Генри Лонгфелло «Моя ушедшая юность»


* * *
   Когда Макдональд спустился с небес на землю, то обнаружил, до знакомого въезда осталось проехать совсем немного. Колеса велосипеда катили по инерции, и вот он уже подъехал к строению, стилизованному под гасиенду. В нерешительности, готовый в любую минуту повернуть назад, он остановился, слез с велосипеда и приблизился к массивным резным дверям из настоящего дерева. Потянул за ручку звонка. Где-то внутри раздался мелодичный звук колокольчика. И, словно по сигналу, в груди его откликнулся другой колокольчик. К горлу подступил комок, на глаза навернулись слезы.
   — Si? — отозвался женский голос.
   Он шагнул к двери. В какой-то безумный миг ему почудилось, будто в дверях стоит мать. Он заморгал, и видение исчезло.
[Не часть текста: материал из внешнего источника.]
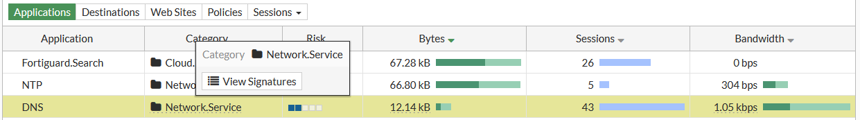 - Click the tabs to sort the sessions by Application, Destinations, Web Sites, or Policies.

Чужая темнокожая миловидная женщина с любопытством разглядывала его.
   — Прошу прощения, мэм, — произнес он, а потом повторил это по-испански, хотя уже видел: женщина понимает по-английски. — Я… я родился здесь, а потом уехал.
   После минутного колебания женщина понимающе посмотрела на него и с сочувствием в голосе предложила:
   — Может, зайдете в дом?
   Теперь уже заколебался он, но потом кивнул и переступил порог родного когда-то дома. Осмотрелся. Все здесь выглядело чужим и незнакомым. Комнаты стали как бы меньше, другая мебель. Изменились они, изменился и дом. Ничто здесь не напоминало ему того самого места, где прошли годы его детства. Двадцать лет назад…
* * *
   Отец задержался у порога, будто позабыв, что сын его здесь и ждет.
   «Как он изменился… — подумал Бобби. — Он стал стариком». До сих пор Бобби не задумывался об этом.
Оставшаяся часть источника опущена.